The inhuman clamour soothed his ears in which his mother's sobs and reproaches murmured insistently and the dark frail quivering bodies wheeling and fluttering and swerving round an airy temple of the tenuous sky soothed his eyes which still saw the image of his mother's face. They came back with shrill cries over the jutting shoulder of the house, flying darkly against the fading air. What birds were they? He thought that they must be swallows who had come back from the south. Then he was to go away for they were birds ever going and coming, building ever an unlasting home under the eaves of men's houses and ever leaving the homes they had built to wander.
Bend down your faces, Oona and Aleel.
I gaze upon them as the swallow gazes
Upon the nest under the eave before
He wander the loud waters.
A soft liquid joy like the noise of many waters flowed over his memory and he felt in his heart the soft peace of silent spaces of fading tenuous sky above the waters, of oceanic silence, of swallows flying through the sea-dusk over the flowing waters.
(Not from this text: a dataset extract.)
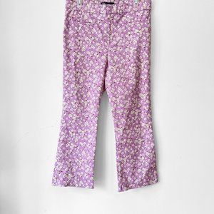 Beautiful floral print cropped flare pants. Lilac background with white daisy print.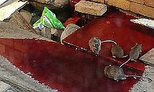 Rats feeding on red waste

A soft liquid joy flowed through the words where the soft long vowels hurtled noiselessly and fell away, lapping and flowing back and ever shaking the white bells of their waves in mute chime and mute peal, and soft low swooning cry; and he felt that the augury he had sought in the wheeling darting birds and in the pale space of sky above him had come forth from his heart like a bird from a turret, quietly and swiftly.
Symbol of departure or of loneliness?

3. Amita
Ch 1. The Niceness of Mothers. Childhood memories.
He crept about from point to point on the fringe of his line, making little runs now and then. But his hands were bluish with cold. He kept his hands in the side pockets of his belted grey suit. That was a belt round his pocket. And belt was also to give a fellow a belt. One day a fellow said to Cantwell:
--I'd give you such a belt in a second.
Cantwell had answered:
--Go and fight your match. Give Cecil Thunder a belt. I'd like to see you. He'd give you a toe in the rump for yourself.
That was not a nice expression. His mother had told him not to speak with the rough boys in the college. Nice mother! The first day in the hall of the castle when she had said goodbye she had put up her veil double to her nose to kiss him: and her nose and eyes were red. But he had pretended not to see that she was going to cry. She was a nice mother but she was not so nice when she cried. And his father had given him two five-shilling pieces for pocket money. And his father had told him if he wanted anything to write home to him and, whatever he did, never to peach on a fellow.

4. Thommo
Ch 2. Fierce longings of the heart. Glimpses of Mercedes in his wanderings.
How foolish his aim had been! He had tried to build a break-water of order and elegance against the sordid tide of life without him and to dam up, by rules of conduct and active interest and new filial relations, the powerful recurrence of the tides within him. Useless. From without as from within the waters had flowed over his barriers: their tides began once more to jostle fiercely above the crumbled mole.
He saw clearly too his own futile isolation. He had not gone one step nearer the lives he had sought to approach nor bridged the restless shame and rancour that had divided him from mother and brother and sister. He felt that he was hardly of the one blood with them but stood to them rather in the mystical kinship of fosterage, fosterchild and fosterbrother.
He turned to appease the fierce longings of his heart before which everything else was idle and alien. He cared little that he was in mortal sin, that his life had grown to be a tissue of subterfuge and falsehood. Beside the savage desire within him to realize the enormities which he brooded on nothing was sacred. He bore cynically with the shameful details of his secret riots in which he exulted to defile with patience whatever image had attracted his eyes. By day and by night he moved among distorted images of the outer world. A figure that had seemed to him by day demure and innocent came towards him by night through the winding darkness of sleep, her face transfigured by a lecherous cunning, her eyes bright with brutish joy. Only the morning pained him with its dim memory of dark orgiastic riot, its keen and humiliating sense of transgression.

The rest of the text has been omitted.